Learning the language younger can avoid this issue and allow children to sound just as good as native speakers when speaking a language. Learning a second language can open many doors to children and give them advantages throughout the rest of their life. Learning a foreign language also requires children to immerse themselves in another culture which will improve their global awareness. This will allow them more enriching travel opportunities during their lives and the ability to develop a wider range of connections and relationships on a global scale.

Increasing children’s sensitivity and appreciation of other cultures will further help them in dealing with issues in the future that will require international cooperation. Children who are fluent in foreign languages will also gain a competitive edge in the global job market. Many businesses require workers who can deal with foreigners if they want to compete in the global market, making the knowledge of a foreign language and culture a highly valuable asset that presents many job opportunities that wouldn’t exist for people otherwise.

A very important aspect of learning a foreign language is that it improves the longevity of the health of your brain. Children who have learned a foreign language have in essence exercised their brain, making it healthier so that in the future diseases such as Alzheimer’s are more likely to be avoided. Besides what it does for your brain’s health, there are numerous other cognitive benefits of learning a foreign language as a child.

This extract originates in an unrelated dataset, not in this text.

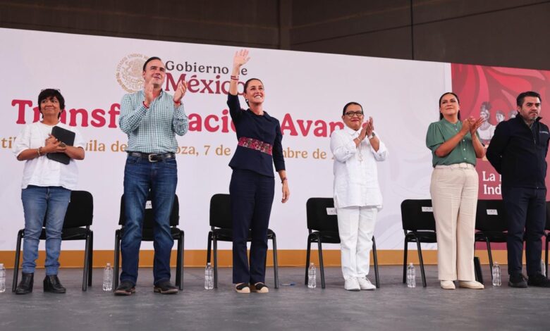Sheinbaum adelantó que el próximo martes se dará el banderazo de salida al Tren Saltillo–Nuevo Laredo, y destacó obras como la tecnificación del Distrito de Riego 017, la edificación de preparatorias y un campus de la Universidad Nacional Rosario Castellanos.

Scientists have done research that shows that children open up more parts of their brain when learning a foreign language.

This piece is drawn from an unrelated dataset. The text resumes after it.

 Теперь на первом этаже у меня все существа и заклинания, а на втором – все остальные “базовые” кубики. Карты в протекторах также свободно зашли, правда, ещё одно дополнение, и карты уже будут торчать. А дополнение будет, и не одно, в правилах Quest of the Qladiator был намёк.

A study was done that measured the density of grey matter, the stuff in our brains that is responsible for processing things such as memory, speech, and sensory information, to compare between kids who were multilingual and those who weren’t. The kids who knew a second language displayed a larger density of grey matter than those who didn’t, indicating that a larger portion of their brains was used. An example of this that can easily be easily witnessed in kids who are multilingual is their greatly increased knowledge of overall language usage skills.

Kids who have learned a second language have been shown to have a broader vocabulary in their first language because the study of another language has allowed them to study the mechanics of their own more deeply than they would have otherwise. Learning another language helps children to make connections with how they use similar or different concepts in their own language. Knowing this helps children to express themselves more clearly and intellectually in whatever language they are using.

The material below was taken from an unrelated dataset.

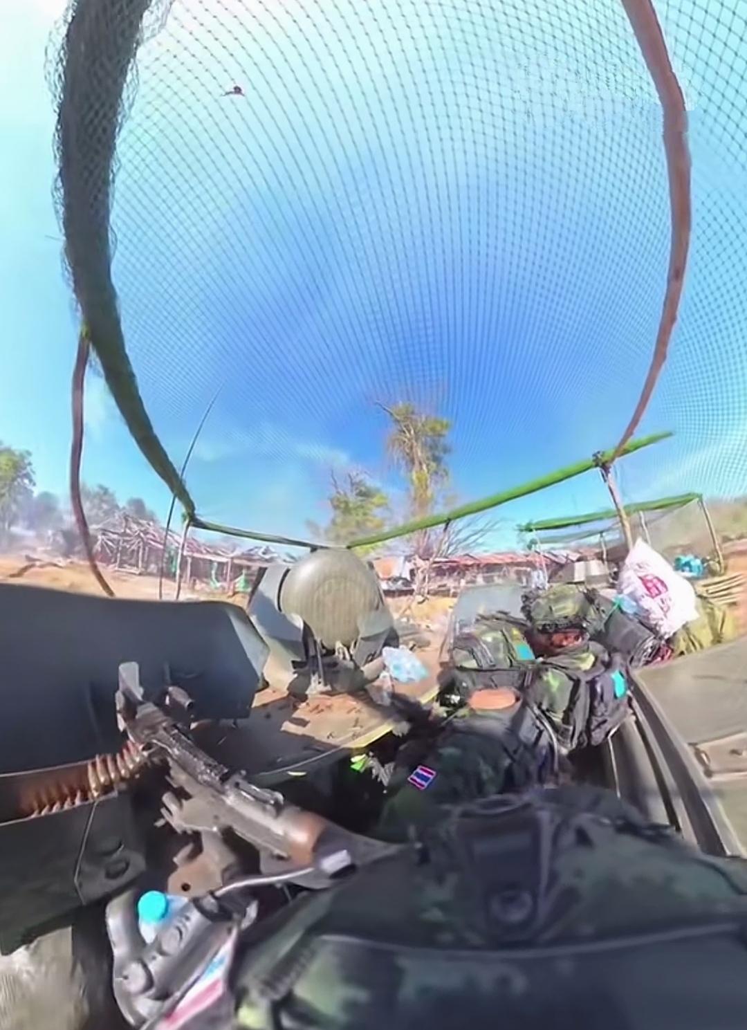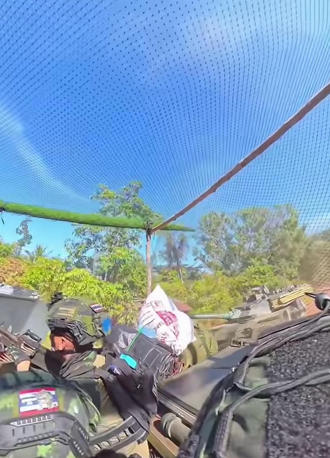 从泰柬冲突前线传出的视频,可以看出以下几点: 战车防无人机,除了电子信号扰干扰之外,头顶一层防护网,还是挺实用的。 我觉得士兵应该把霰弹枪作为标配,专门用来对付无人机。 看到了vt4坦克活跃在前线,之前的一些负面传闻,不攻自破。 视频能传到网上,说明前线并没有限制士兵使用手机。 这只能说明两个国家这次武装冲突的科技水平不高。 战车上还有瓶装水,难道士兵不配备水壶吗?

Ultimately, learning a foreign language will improve a child’s overall thinking and learning skills in general, making them smarter in many different unrelated areas. Their creativity is highly improved as they are more trained to look at problems from different angles and think outside of the box. This flexible thinking makes them better problem solvers since they can see problems from different perspectives. The better thinking skills developed from learning a foreign language have also been seen through testing scores.

A report from the College Board stated that kids taking the SAT that had learned a foreign language on average beat the scores of those who hadn’t by 140 points on each section. There are definitely many benefits to be gained from learning a foreign language as a child. Besides the benefits of just knowing the language, there are countless ways it can benefit other aspects of a person’s life. In a world that is rapidly advancing on a global level, the acquisition of a foreign language at an early age is an extremely important way to prepare children both intellectually and socially for whatever the future may hold.